> **Collected data**
━━━━━━━━
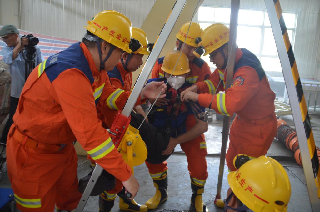 上午10時整,隨著各參演隊(duì)伍到達(dá)演練地點(diǎn),演練正式拉開帷幕,演練設(shè)置有通風(fēng)供氧、氣體檢測、心肺復(fù)蘇、急救包扎等科目。在救援演練現(xiàn)場,通風(fēng)組首先安裝風(fēng)機(jī)并使用手提式通風(fēng)機(jī)持續(xù)向有限空間內(nèi)輸送新鮮空氣;氣體檢測組使用泵吸式多種氣體檢測儀對地坑內(nèi)氣體含量進(jìn)行實(shí)時檢測,報告氣體變化情況;救援組迅速搭建救援三腳架,在對事發(fā)過程和地坑內(nèi)環(huán)境了解確認(rèn)后,攜帶裝備入坑搜救。在坑口不遠(yuǎn)處發(fā)現(xiàn)2名中毒昏迷人員后,救援人員將其運(yùn)送至地面,現(xiàn)場對2名中毒窒息工人采用自動蘇生器進(jìn)行搶救,并對1名骨折職工進(jìn)行包扎處理,在恢復(fù)正常體征后,迅速送醫(yī)治療。
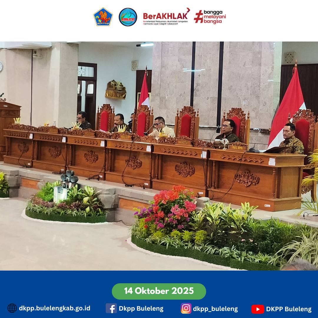 Selasa, 14 Oktober 2025 - Kepala Dinas Ketahanan Pangan dan Perikanan Kabupaten Buleleng I Gede Putra Aryana, S.Sos., MAP. menghadiri Rapat Paripurna DPRD Kabupaten Buleleleng perihal Penyampaian tanggapan dan/atau jawaban Bupati terhadap Pemandangan Umum Fraksifraksi DPRD atas Ranperda tentang Perubahan Kelima atas Perda No. 13 Tahun 2016 tentang Pembentukan dan Susunan Perangkat Daerah, bertempat di Ruang Sidang DPRD Buleleng.
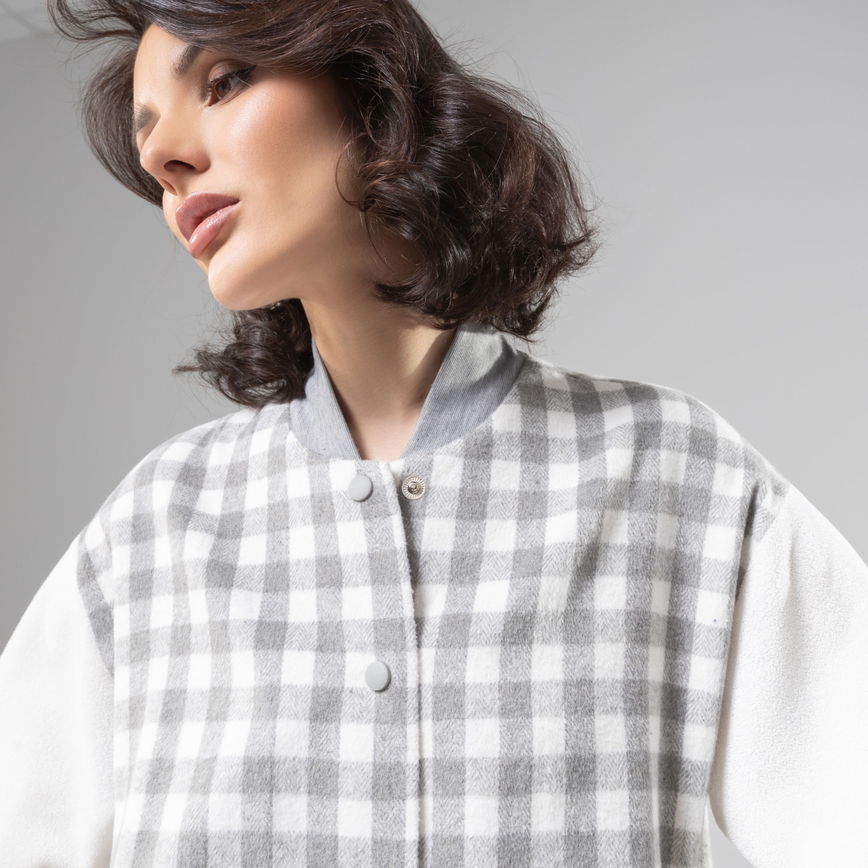 Бомбер «Движение вперед» – это настоящая находка для тех, кто ищет женский бомбер больших размеров, который сможет сочетать в себе стиль, комфорт и элегантность. Его свободный крой и объемный силуэт позволяют чувствовать себя уверенно и свободно, не жертвуя при этом эстетикой. Изготовленный из нескольких видов тканей – жаккард, трикотаж купра, атлас и трикотаж нейлон-рома – этот бомбер женский оверсайз становится воплощением изысканности. Вы будете привлекать внимание в любой ситуации, будь то прогулка по осеннему парку или встреча с друзьями в уютном кафе. Светлая цветовая гамма и утонченный принт идеально подойдут для создания притягательного образа. Покупка бомбера оптом – это разумное решение для тех, кто стремится обновить гардероб или предложить своим клиентам что-то уникальное. Специалисты по стилю не зря рекомендуют этот бомбер как идеальный Casual для элегантных. Он не только обеспечит вам комфорт, но и подарит уверенность в своем безупречном внешнем виде. Куртка бомбер женская с карманами и однотонным подкладом станет основой гардероба, легко сочетаясь с разнообразными элементами одежды. Вопреки модным трендам, этот бомбер остается вне времени, благодаря своему безупречному крою и качеству материалов. Бомбер женский осенний «Движение вперед» – это не просто одежда, это стиль жизни. Он создан для тех, кто ценит индивидуальность и предпочитает выделяться из толпы. Опт на эту модель позволит не только выгодно приобрести её, но и предоставить вам возможность стать обладателем вещи, которая будет радовать вас и окружающих долгие годы. Смелый дизайн, исключительное качество и комфорт – идеальные причины для выбора именно этого бомбера. Ощутите свободу движения и уверенность в каждом шаге вместе с бомбером CHARUTTI из коллекции PREMIUM.
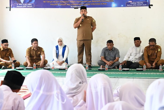 Dalam rangka memperingati Hari Ulang Tahun (HUT) ke-50 Ikatan Wanita Pengusaha Indonesia (IWAPI), Penjabat (Pj) Bupati Aceh Besar, Muhammad Iswanto, S.STP, MM, menghadiri seremonial pembagian Makanan Bergizi Gratis (MBG) di SD Negeri Mon Singet, Kajhu, Kecamatan Baitussalam, Aceh Besar, pada Senin (10/2/2025).
━━━━━━━━
Return the material in full and unaltered, minus its pictures.

> **Result of the task**
 上午10時整,隨著各參演隊(duì)伍到達(dá)演練地點(diǎn),演練正式拉開帷幕,演練設(shè)置有通風(fēng)供氧、氣體檢測、心肺復(fù)蘇、急救包扎等科目。在救援演練現(xiàn)場,通風(fēng)組首先安裝風(fēng)機(jī)并使用手提式通風(fēng)機(jī)持續(xù)向有限空間內(nèi)輸送新鮮空氣;氣體檢測組使用泵吸式多種氣體檢測儀對地坑內(nèi)氣體含量進(jìn)行實(shí)時檢測,報告氣體變化情況;救援組迅速搭建救援三腳架,在對事發(fā)過程和地坑內(nèi)環(huán)境了解確認(rèn)后,攜帶裝備入坑搜救。在坑口不遠(yuǎn)處發(fā)現(xiàn)2名中毒昏迷人員后,救援人員將其運(yùn)送至地面,現(xiàn)場對2名中毒窒息工人采用自動蘇生器進(jìn)行搶救,并對1名骨折職工進(jìn)行包扎處理,在恢復(fù)正常體征后,迅速送醫(yī)治療。
 Selasa, 14 Oktober 2025 - Kepala Dinas Ketahanan Pangan dan Perikanan Kabupaten Buleleng I Gede Putra Aryana, S.Sos., MAP. menghadiri Rapat Paripurna DPRD Kabupaten Buleleleng perihal Penyampaian tanggapan dan/atau jawaban Bupati terhadap Pemandangan Umum Fraksifraksi DPRD atas Ranperda tentang Perubahan Kelima atas Perda No. 13 Tahun 2016 tentang Pembentukan dan Susunan Perangkat Daerah, bertempat di Ruang Sidang DPRD Buleleng.
 Бомбер «Движение вперед» – это настоящая находка для тех, кто ищет женский бомбер больших размеров, который сможет сочетать в себе стиль, комфорт и элегантность. Его свободный крой и объемный силуэт позволяют чувствовать себя уверенно и свободно, не жертвуя при этом эстетикой. Изготовленный из нескольких видов тканей – жаккард, трикотаж купра, атлас и трикотаж нейлон-рома – этот бомбер женский оверсайз становится воплощением изысканности. Вы будете привлекать внимание в любой ситуации, будь то прогулка по осеннему парку или встреча с друзьями в уютном кафе. Светлая цветовая гамма и утонченный принт идеально подойдут для создания притягательного образа. Покупка бомбера оптом – это разумное решение для тех, кто стремится обновить гардероб или предложить своим клиентам что-то уникальное. Специалисты по стилю не зря рекомендуют этот бомбер как идеальный Casual для элегантных. Он не только обеспечит вам комфорт, но и подарит уверенность в своем безупречном внешнем виде. Куртка бомбер женская с карманами и однотонным подкладом станет основой гардероба, легко сочетаясь с разнообразными элементами одежды. Вопреки модным трендам, этот бомбер остается вне времени, благодаря своему безупречному крою и качеству материалов. Бомбер женский осенний «Движение вперед» – это не просто одежда, это стиль жизни. Он создан для тех, кто ценит индивидуальность и предпочитает выделяться из толпы. Опт на эту модель позволит не только выгодно приобрести её, но и предоставить вам возможность стать обладателем вещи, которая будет радовать вас и окружающих долгие годы. Смелый дизайн, исключительное качество и комфорт – идеальные причины для выбора именно этого бомбера. Ощутите свободу движения и уверенность в каждом шаге вместе с бомбером CHARUTTI из коллекции PREMIUM.
 Dalam rangka memperingati Hari Ulang Tahun (HUT) ke-50 Ikatan Wanita Pengusaha Indonesia (IWAPI), Penjabat (Pj) Bupati Aceh Besar, Muhammad Iswanto, S.STP, MM, menghadiri seremonial pembagian Makanan Bergizi Gratis (MBG) di SD Negeri Mon Singet, Kajhu, Kecamatan Baitussalam, Aceh Besar, pada Senin (10/2/2025).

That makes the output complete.